### INFORMATION SUPPLIED
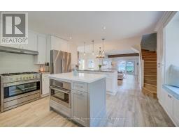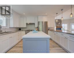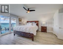Exquisite Grimsby Sundrenched Lakefront Retreat: Where Luxury Meets the Water's Edge. Welcome to a truly rare offering on the shores of Lake Ontario. This magnificent refreshed, updated three-bedroom lakefront home in the heart of Grimsby is a masterclass in coastal-inspired luxury...meticulously designed to offer panoramic water views from nearly every vantage point. A serene sanctuary/entertainer's paradise provides unmatched tranquility and sophistication. MAIN LEVEL is Bright, airy, open-concept w gourmet chef's kitchen featuring high-end SS appliances, electric blinds, tall pantry, a professional-grade gas stove, granite tops T/O, island w storage and peninsula eating area and window. The adjacent dining room featuring a majestic gas stone fireplace and flows effortlessly into the living area w BONUS large understairs storage room. Main floor also offers new flooring throughout, blinds, new oak stairs, an updated full three-piece bathroom, and a spacious laundry room plus XL patio doors to rear lounge and side door to BBQ/eating area. UPPER LEVEL features 3 good sized bedrooms. Primary retreat serves as a true escape, complete with direct access to a private upper deck with new 'tilt and open' patio doors w retractable screen. Two additional bedrooms provide ample space for guests or a home office. Full four-piece bathroom completes. The exterior is defined by its signature wraparound porch and deck, offering multiple zones for alfresco dining or simply soaking in the unobstructed views of CN Tower on a clear day.Rear yard w steps down to your private beach. Oversized 2 car garage w side door entry and industrial shelving/open rafters for storage. 3 car cement drive plus street parking. Instant hot water, exterior outlets and gas line and cute garden shed. Located just minutes from the QEW, vibrant shops and dining. Grimsby-on-the-Lake is the gateway to Niagara's wine country.Easy commute to Hamilton and the GTA. Great Neighbors/community! Long close available. (id:47351)
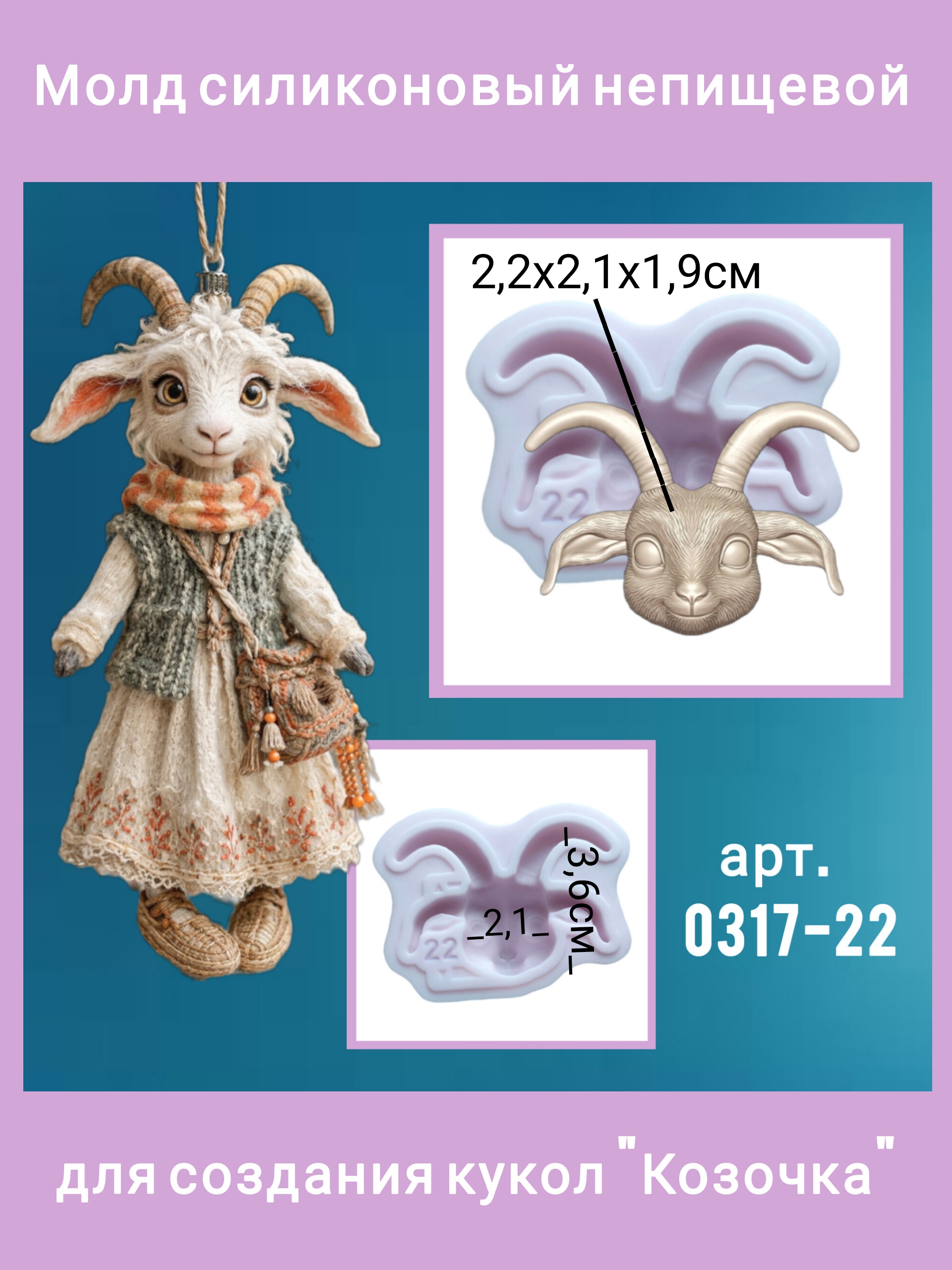 Авторский силиконовый молд "Козочка". Высота мордочки без учёта рогов 2,2 см. Производство Россия. РОСиТТА.
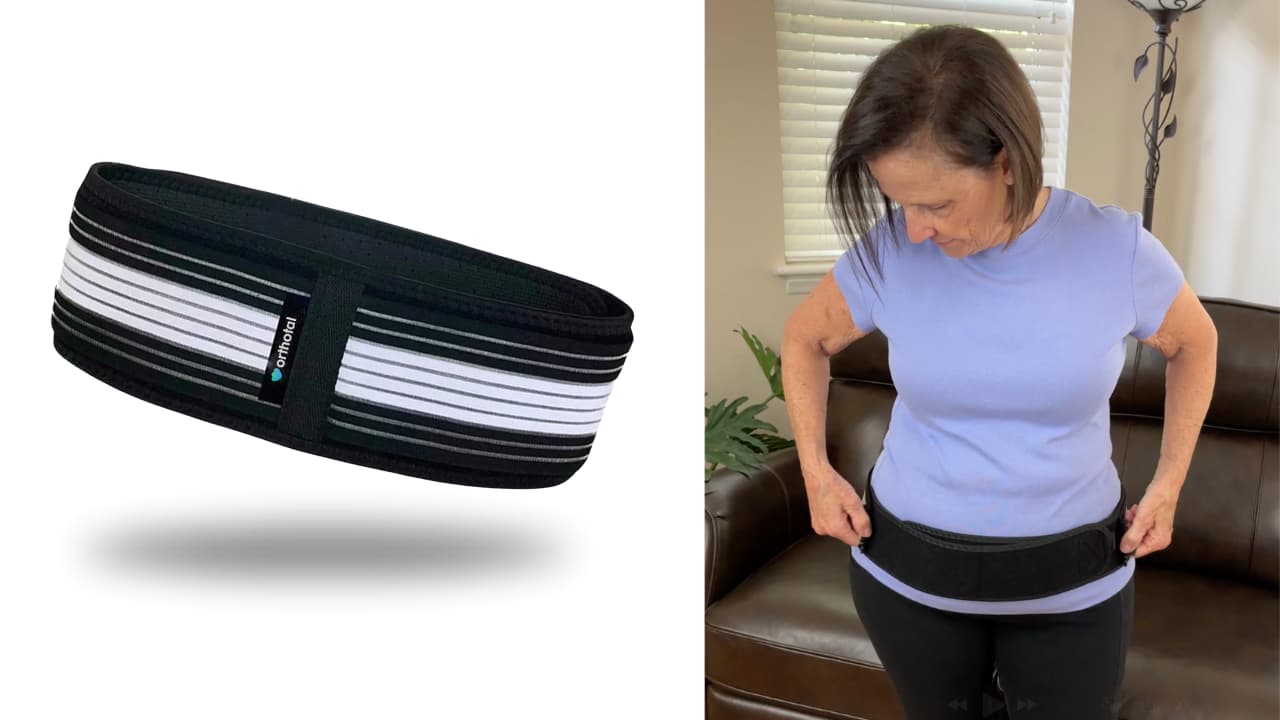 Legen Sie den Orthogürtel um Ihre Hüfte, nicht über den Bauch, wie ein herkömmliches Lendenkorsett.

### YOUR INSTRUCTIONS
Output the data exactly as it appears. The pictures do not belong in it.

### REPLY
Exquisite Grimsby Sundrenched Lakefront Retreat: Where Luxury Meets the Water's Edge. Welcome to a truly rare offering on the shores of Lake Ontario. This magnificent refreshed, updated three-bedroom lakefront home in the heart of Grimsby is a masterclass in coastal-inspired luxury...meticulously designed to offer panoramic water views from nearly every vantage point. A serene sanctuary/entertainer's paradise provides unmatched tranquility and sophistication. MAIN LEVEL is Bright, airy, open-concept w gourmet chef's kitchen featuring high-end SS appliances, electric blinds, tall pantry, a professional-grade gas stove, granite tops T/O, island w storage and peninsula eating area and window. The adjacent dining room featuring a majestic gas stone fireplace and flows effortlessly into the living area w BONUS large understairs storage room. Main floor also offers new flooring throughout, blinds, new oak stairs, an updated full three-piece bathroom, and a spacious laundry room plus XL patio doors to rear lounge and side door to BBQ/eating area. UPPER LEVEL features 3 good sized bedrooms. Primary retreat serves as a true escape, complete with direct access to a private upper deck with new 'tilt and open' patio doors w retractable screen. Two additional bedrooms provide ample space for guests or a home office. Full four-piece bathroom completes. The exterior is defined by its signature wraparound porch and deck, offering multiple zones for alfresco dining or simply soaking in the unobstructed views of CN Tower on a clear day.Rear yard w steps down to your private beach. Oversized 2 car garage w side door entry and industrial shelving/open rafters for storage. 3 car cement drive plus street parking. Instant hot water, exterior outlets and gas line and cute garden shed. Located just minutes from the QEW, vibrant shops and dining. Grimsby-on-the-Lake is the gateway to Niagara's wine country.Easy commute to Hamilton and the GTA. Great Neighbors/community! Long close available. (id:47351)
 Авторский силиконовый молд "Козочка". Высота мордочки без учёта рогов 2,2 см. Производство Россия. РОСиТТА.
 Legen Sie den Orthogürtel um Ihre Hüfte, nicht über den Bauch, wie ein herkömmliches Lendenkorsett.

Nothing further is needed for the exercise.